Start of Block
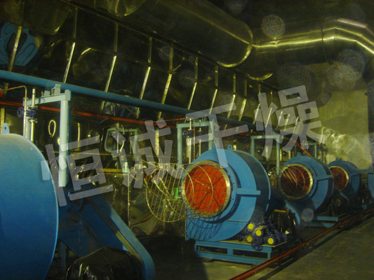散粒狀固體物料由加料器加入流化床干燥器中,過濾后的潔凈空氣加熱后由鼓風機送入流化床底部經分布板與固體物料接觸,形成流態化達到氣固的熱質交換。物料干燥后由排料口排出,廢氣由沸騰床頂部排出經旋風除塵器組和布袋除塵器回收固體粉料后排空。
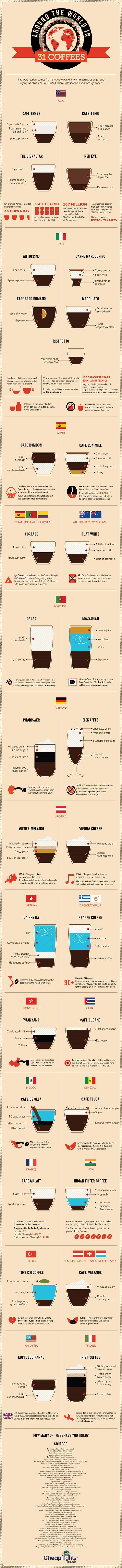 영국의 세계 항공편 정보 사이트 '칩 플라이트(Cheap Flights)'가 세상의 31가지 커피 마시는 법을 이미지로 공개해 이목을 집중시키고 있는 것.
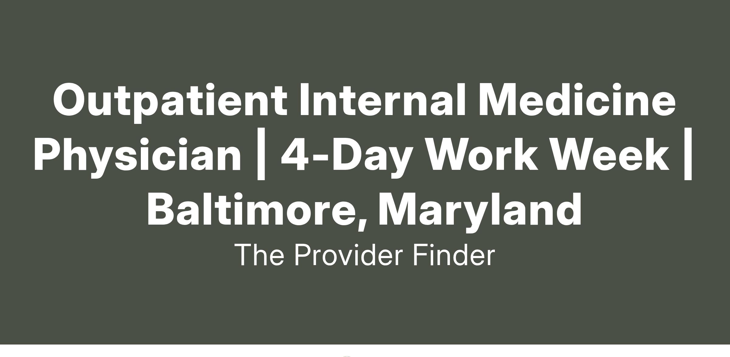 This great Baltimore non-profit healthcare organization seeks an outpatient internist to join its amazing and expanding primary care team to serve the patients and families of the metro city and its surrounding suburbs.
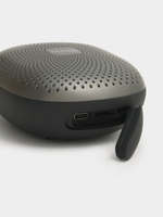 Take your soundtrack with you! This sleek, charcoal splash-resistant clip-on mini speaker connects your phone via Bluetooth and delivers up to 7 hours of playtime making it ideal for listening on-the-go.
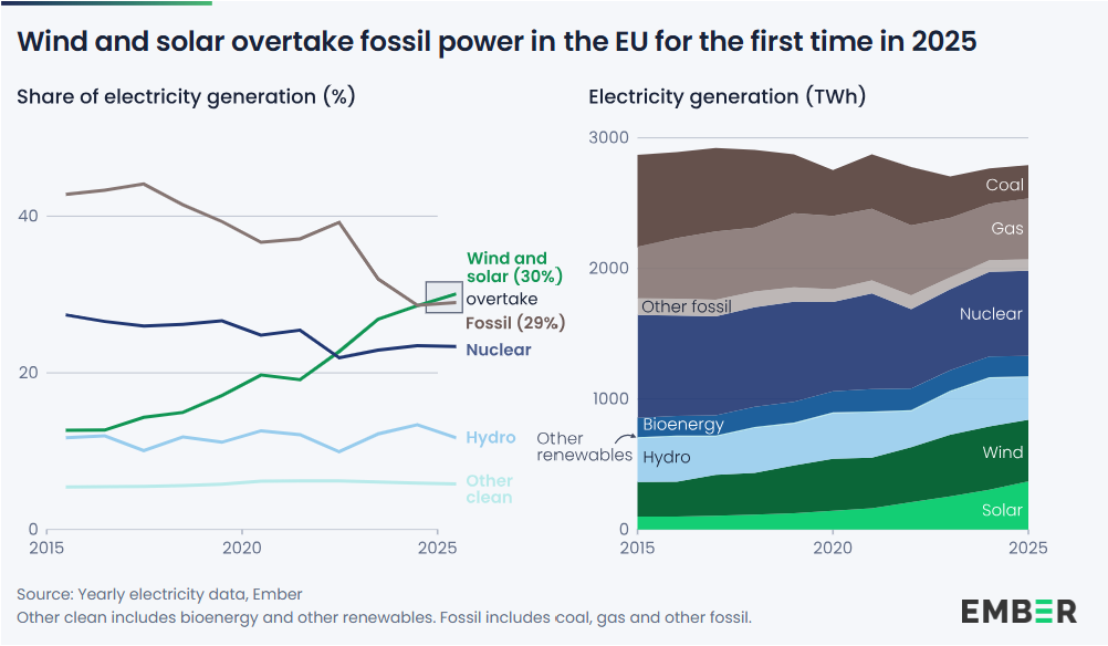 Emberの年次レビュー(European Electricity Review 2026)に関する報道では、2025年のEU電力で風力・太陽光の合計が30.1%に達し、化石燃料(29%)を初めて上回ったと示されています。太陽光は369TWhまで伸び、石炭火力は1割未満という過去最低水準になりました。一方で、水力の減少などがガス火力の増加につながり、需給のひっ迫局面では価格スパイクも起きています。電源の脱炭素化は前進しつつ、系統安定化と価格ボラティリティ対応が次の課題になっています。
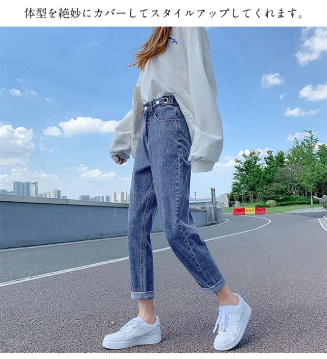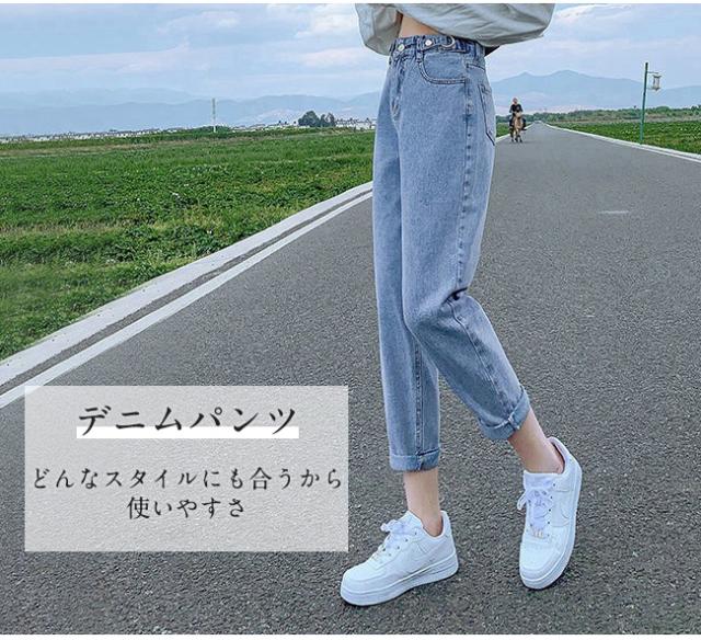 春新作 デニムパンツ レディース ジーンズ ズボン ボトムス ハイウエスト 9分丈 調節可 カシュアル 体型カバー ゆったり 美脚 ポイント消化
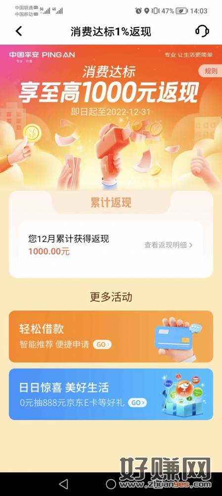 12月的特邀客户,平安消费1000元返现已到账,可以去口袋银行app看看了
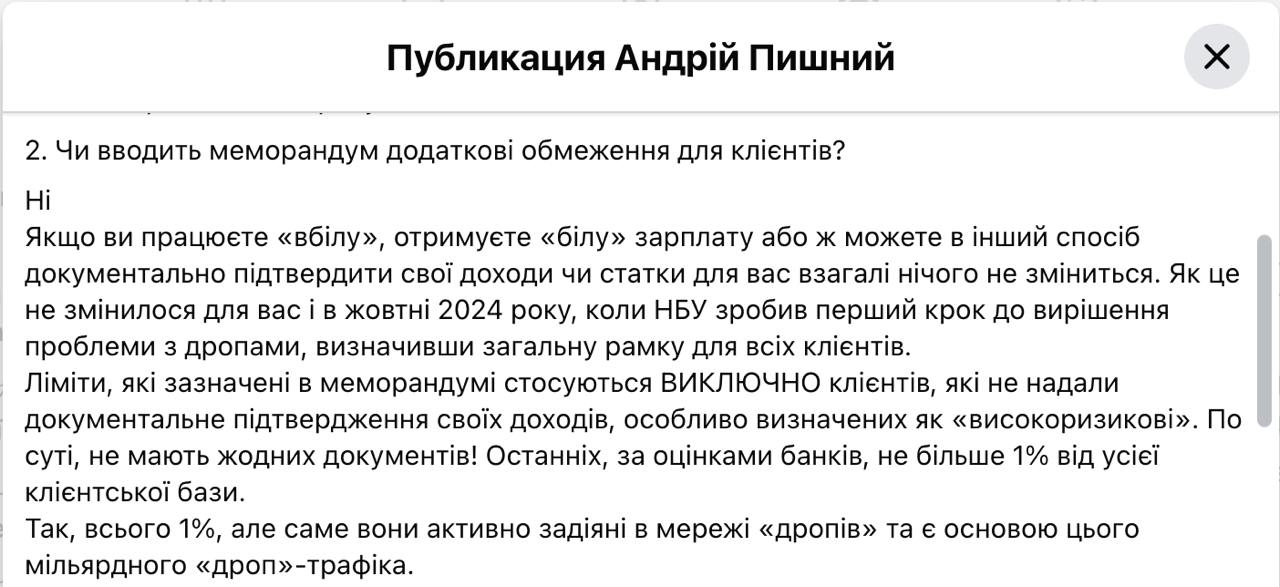 "Якщо ви працюєте "вбілу", отримуєте "білу" зарплату або можете іншим способом документально підтвердити свої доходи або стан для вас взагалі нічого не зміниться. Ліміти, зазначені в меморандумі, стосуються виключно клієнтів, які не надали документального підтвердження своїх доходів, особливо визначених" як "високорискові". По суті, не мають жодних документів! Так, всього 1%, але саме вони активно задіяні у мережі "дропів" і є основою цього мільярдного "дропу"-трафіку", - заявляє голова НБУ Андрій Пишний.
End of Block
Your objective: Find the line with "12月的特邀客户,平安消费1000元返现已到账,可以去口袋银行app看看了". Return it and each line after it through the end of the data, exactly, without pictures.

Response to this exercise:
 12月的特邀客户,平安消费1000元返现已到账,可以去口袋银行app看看了
 "Якщо ви працюєте "вбілу", отримуєте "білу" зарплату або можете іншим способом документально підтвердити свої доходи або стан для вас взагалі нічого не зміниться. Ліміти, зазначені в меморандумі, стосуються виключно клієнтів, які не надали документального підтвердження своїх доходів, особливо визначених" як "високорискові". По суті, не мають жодних документів! Так, всього 1%, але саме вони активно задіяні у мережі "дропів" і є основою цього мільярдного "дропу"-трафіку", - заявляє голова НБУ Андрій Пишний.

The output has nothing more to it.